| Type: | Package | 
| Title: | Categorical Data Analysis | 
| Version: | 0.1.4 | 
| Author: | Nick Williams | 
| Maintainer: | Nick Williams <ntwilliams.personal@gmail.com> | 
| Description: | Includes wrapper functions around existing functions for the analysis of categorical data and introduces functions for calculating risk differences and matched odds ratios. R currently supports a wide variety of tools for the analysis of categorical data. However, many functions are spread across a variety of packages with differing syntax and poor compatibility with each another. prop_test() combines the functions binom.test(), prop.test() and BinomCI() into one output. prop_power() allows for power and sample size calculations for both balanced and unbalanced designs. riskdiff() is used for calculating risk differences and matched_or() is used for calculating matched odds ratios. For further information on methods used that are not documented in other packages see Nathan Mantel and William Haenszel (1959) <doi:10.1093/jnci/22.4.719> and Alan Agresti (2002) <ISBN:0-471-36093-7>. | 
| License: | MIT + file LICENSE | 
| Encoding: | UTF-8 | 
| LazyData: | true | 
| Imports: | epitools, DescTools, cli, magrittr, Hmisc, broom, rlang | 
| RoxygenNote: | 6.1.1 | 
| Suggests: | testthat, dplyr, forcats | 
| NeedsCompilation: | no | 
| Packaged: | 2019-06-14 13:52:19 UTC; niw4001 | 
| Repository: | CRAN | 
| Date/Publication: | 2019-06-14 14:10:03 UTC | 
Pipe operator
Description
See magrittr::%>% for details.
Usage
lhs %>% rhs
Matched pairs odds ratio and confidence interval
Description
Create odds ratio and confidence interval from matched pairs data.
Usage
matched_or(df, ...)
Arguments
df | 
 a dataframe with binary variables x and y or a 2 x 2 frequency table/matrix. If a table or matrix, x and y must be NULL. Used to select method.  | 
... | 
 further arguments passed to or from other methods.  | 
Details
The matched pairs odds ratio and confidence interval is the equivalent of calculating a Cochran-Mantel-Haenszel odds ratio where each pair is treated as a stratum.
Value
a list with class "matched_or" with the following components:
tab | 
 2x2 table using for calculating risk difference  | 
or | 
 dataframe with columns corresponding to matched-pairs OR, lower bound, and upper bound of CI  | 
conf.level | 
 specified confidence level  | 
Examples
set.seed(1)
gene <- data.frame(pair = seq(1:35),
                   ulcer = rbinom(35, 1, .7),
                   healthy = rbinom(35, 1, .4))
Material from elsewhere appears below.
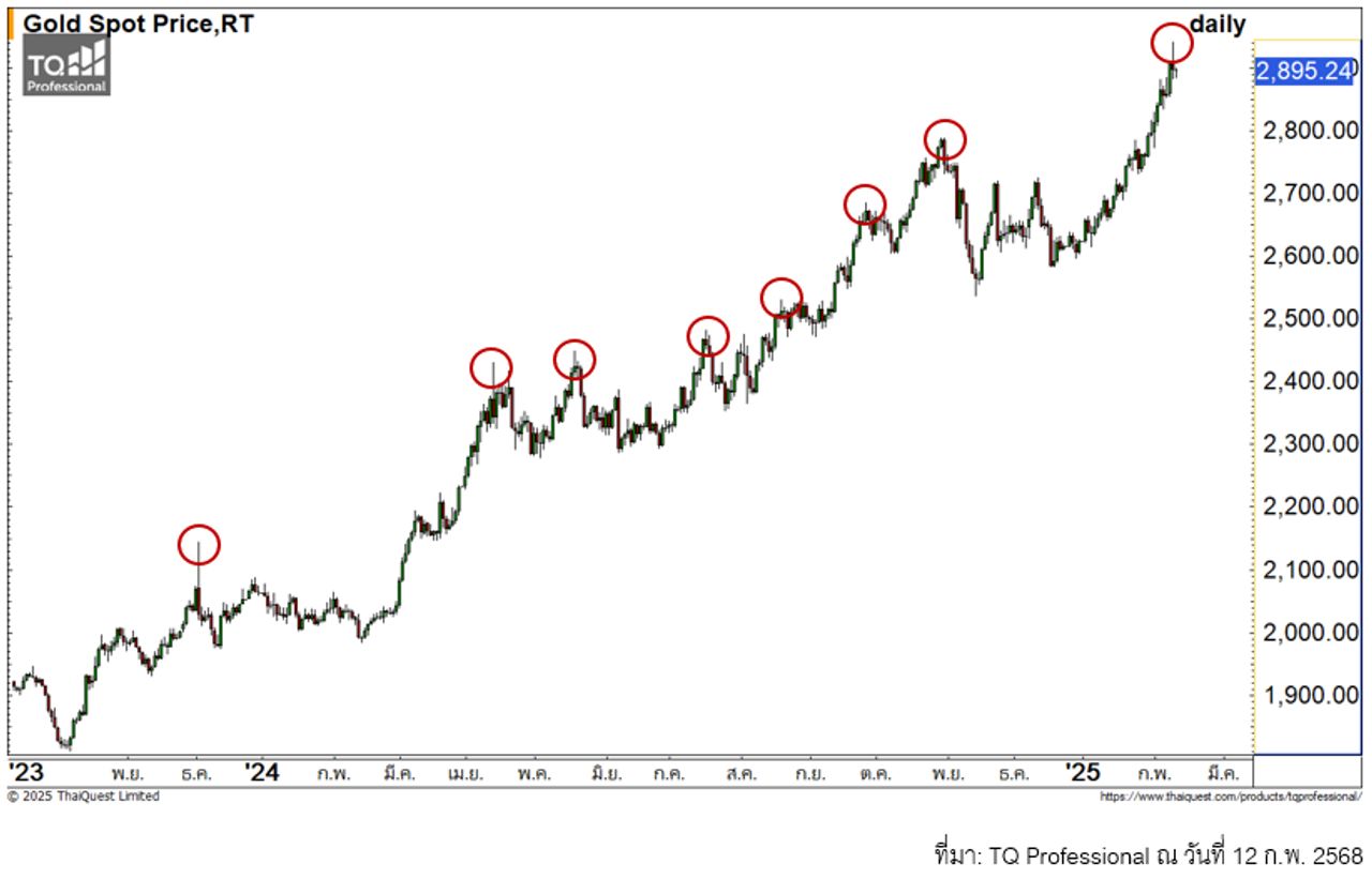 หากย้อนไปดูตั้งแต่อดีตกาล เมื่อสงครามเกิดขึ้น สิ่งที่ผู้คนทั่วโลกถือว่าเป็นสิ่งล้ำค่ามากยิ่งกว่าเงินตราคือทองคำมาโดยตลอด เนื่องจากเป็นสินทรัพย์ที่มีค่าในตัวเองและผู้คนทั่วโลกให้การยอมรับ ฉะนั้นการที่ Trump มีความประสงค์ที่จะยึดครอง Gaza Strip อาจส่งผลให้ความตึงเครียดในภูมิภาคตะวันออกกลางยังคงครุกรุ่น

matched_or(gene, ulcer, healthy)
Matched pairs odds ratio from a data frame
Description
Create odds ratio and confidence interval from matched pairs data.
Usage
## S3 method for class 'data.frame'
matched_or(df, x, y, weight = NULL, alpha = 0.05,
  rev = c("neither", "rows", "columns", "both"), ...)
Arguments
df | 
 a dataframe with binary variables x and y.  | 
x | 
 binary vector, used as rows for frequency table and calculations.  | 
y | 
 binary vector, used as columns for frequency table and calculations.  | 
weight | 
 an optional vector of count weights.  | 
alpha | 
 level of significance for confidence interval.  | 
rev | 
 reverse order of cells. Options are "row", "columns", "both", and "neither" (default).  | 
... | 
 further arguments passed to or from other methods.  | 
Value
a list with class "matched_or" with the following components:
tab | 
 2x2 table using for calculating risk difference  | 
or | 
 dataframe with columns corresponding to matched-pairs OR, lower bound, and upper bound of CI  | 
conf.level | 
 specified confidence level  | 
Examples
gene <- data.frame(pair = seq(1:35),
                   ulcer = rbinom(35, 1, .7),
                   healthy = rbinom(35, 1, .4))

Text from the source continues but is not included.